Background & aims: Inborn errors of bile acid metabolism may present as neonatal cholestasis and fat-soluble vitamin malabsorption or as late onset chronic liver disease. Our aim was to fully characterize a defect in bile acid synthesis in a 2-week-old African-American girl presenting with coagulopathy, vitamin D and E deficiencies, and mild cholestasis and in her sibling, whose liver had been used for orthotopic liver transplantation (OLT). Methods: Bile acids were measured by mass spectrometry in urine, bile, serum, and feces of the patient and in urine from the unrelated recipient. Results: Liver biopsy specimens showed neonatal hepatitis with giant cell transformation and hepatocyte necrosis; peroxisomes were reduced in number. High concentrations of (25R)3alpha,7alpha,12alpha-trihydroxy-5beta-cholestanoic acid in the urine, bile, and serum established a pattern similar to that of Zellweger syndrome and identical to the Alligator mississippiensis. Serum phytanic acid was normal, whereas pristanic acid was markedly elevated. Biochemical, MRI, and neurologic findings were inconsistent with a generalized defect of peroxisomal function and were unique. Analysis of the urine from the recipient of the deceased sibling's liver confirmed the same bile acid synthetic defect. A deficiency in 2-methylacyl-CoA racemase, which is essential for conversion of (25R)THCA to its 25S-isomer, the substrate to initiate peroxisomal beta-oxidation to primary bile acids, was confirmed by DNA analysis revealing a missense mutation (S52P) in the gene encoding this enzyme. Long-term treatment with cholic acid normalized liver enzymes and prevented progression of symptoms. Conclusions: This genetic defect further highlights bile acid synthetic defects as a cause of neonatal cholestasis.

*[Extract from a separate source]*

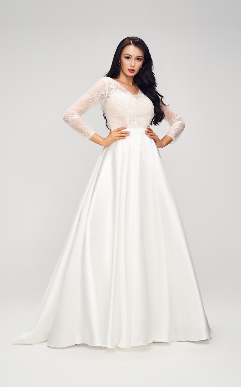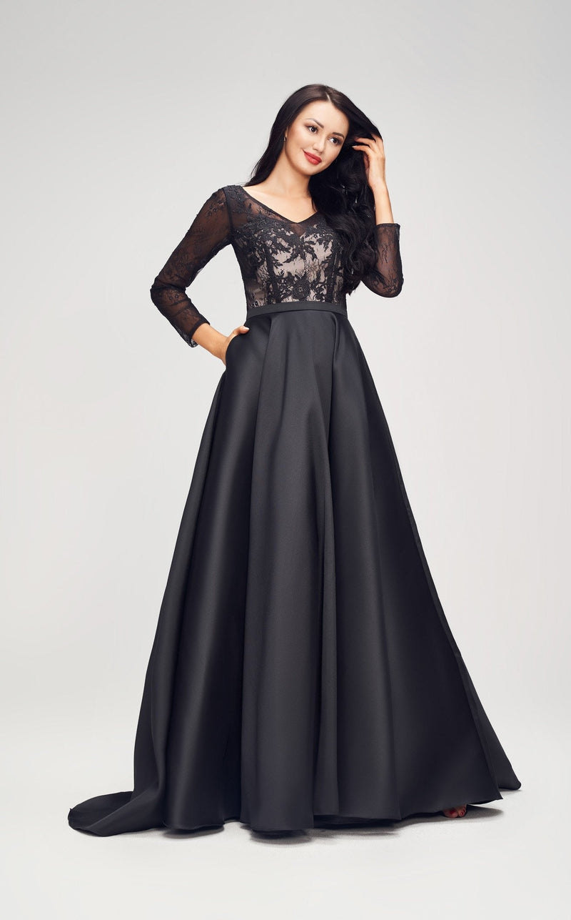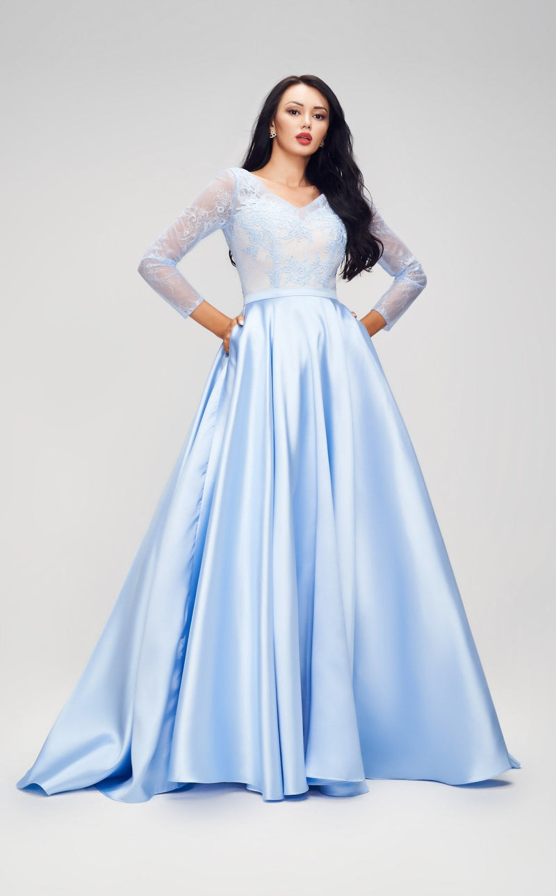 Look absolutely marvelous in Jadore J17012 Dress. This beautiful piece features a a-line silhouette and lace & embroidery. The long sleeve bodice has a v-neck neckline and a natural waist.

Accumulation and impaired in vivo metabolism of di- and Trihydroxycholestanoic Acid in two patients
Clin Chim Acta 1991 Oct 31;202(3):123-32.PMID:1839974DOI:10.1016/0009-8981(91)90043-c.

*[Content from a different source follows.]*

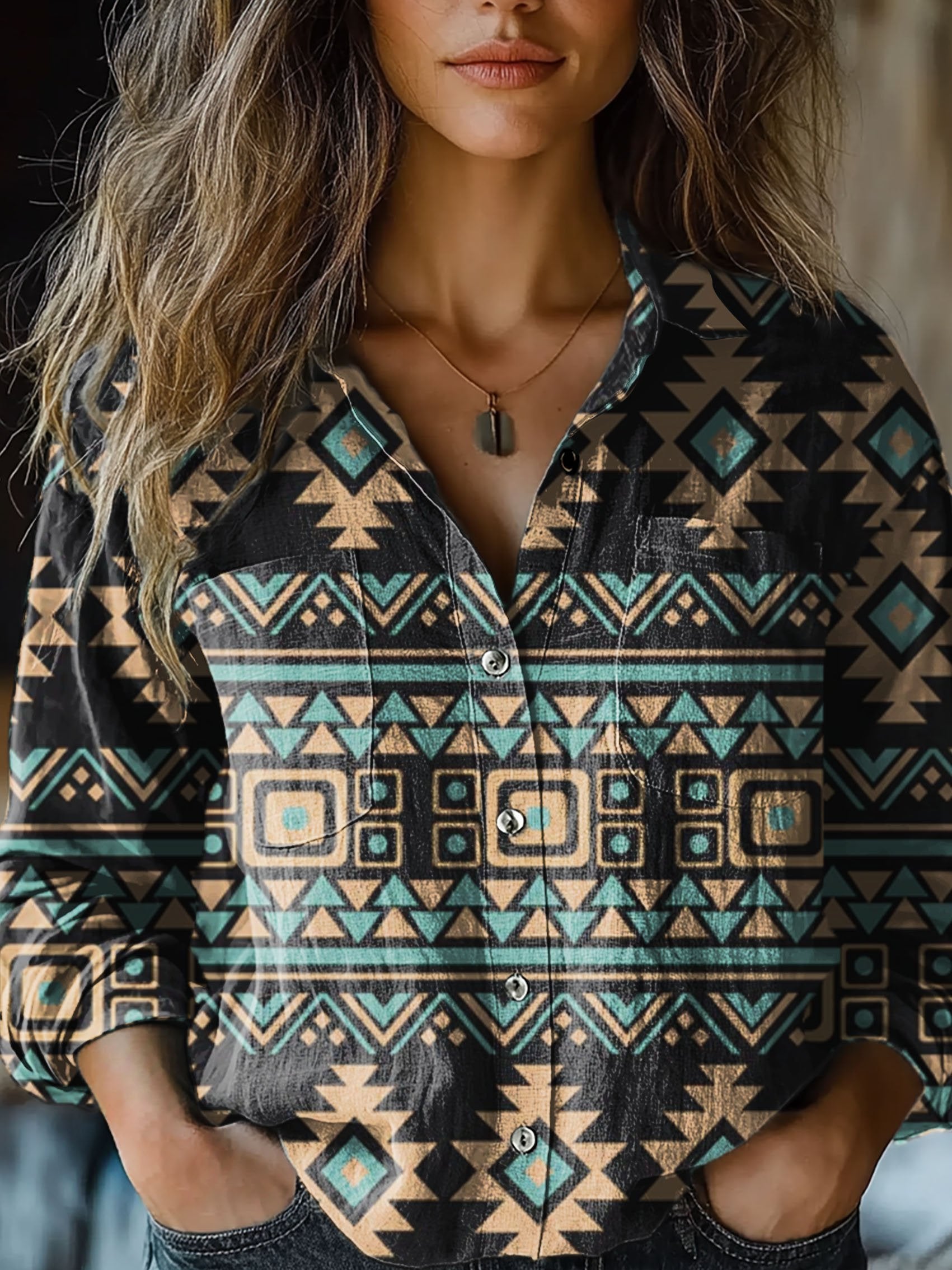 Women's Vintage Grey Aztec Print Casual Long Sleeve Comfortable Cotton Shirt

Two patients with a suspected peroxisomal disorder on the basis of neurological, craniofacial, hepatological and other abnormalities were studied. The phenotype of both girls was remarkably similar from birth until age 1.5 yr. Detailed studies in plasma revealed normal plasma very-long-chain fatty acids but the presence of di- and trihydroxycholestanoic acids and the C29-dicarboxylic bile acid, all known to occur in plasma from Zellweger patients. These results suggest an isolated defect in the peroxisomal beta-oxidation of the side chains of the cholestanoic acids. Activation of Trihydroxycholestanoic Acid and beta-oxidation of trihydroxycholestanoyl-CoA, measured in a liver biopsy, were normal, however, as was the peroxisomal beta-oxidation of palmitate. Although the molecular defect remains unknown, the results stress the importance of performing multiple analyses in any patient suspected to suffer from a peroxisomal disorder and indicate that screening for peroxisomal disorders based upon analysis of only plasma very long chain fatty acids with or without analysis of erythrocyte plasmalogen levels, may be inadequate.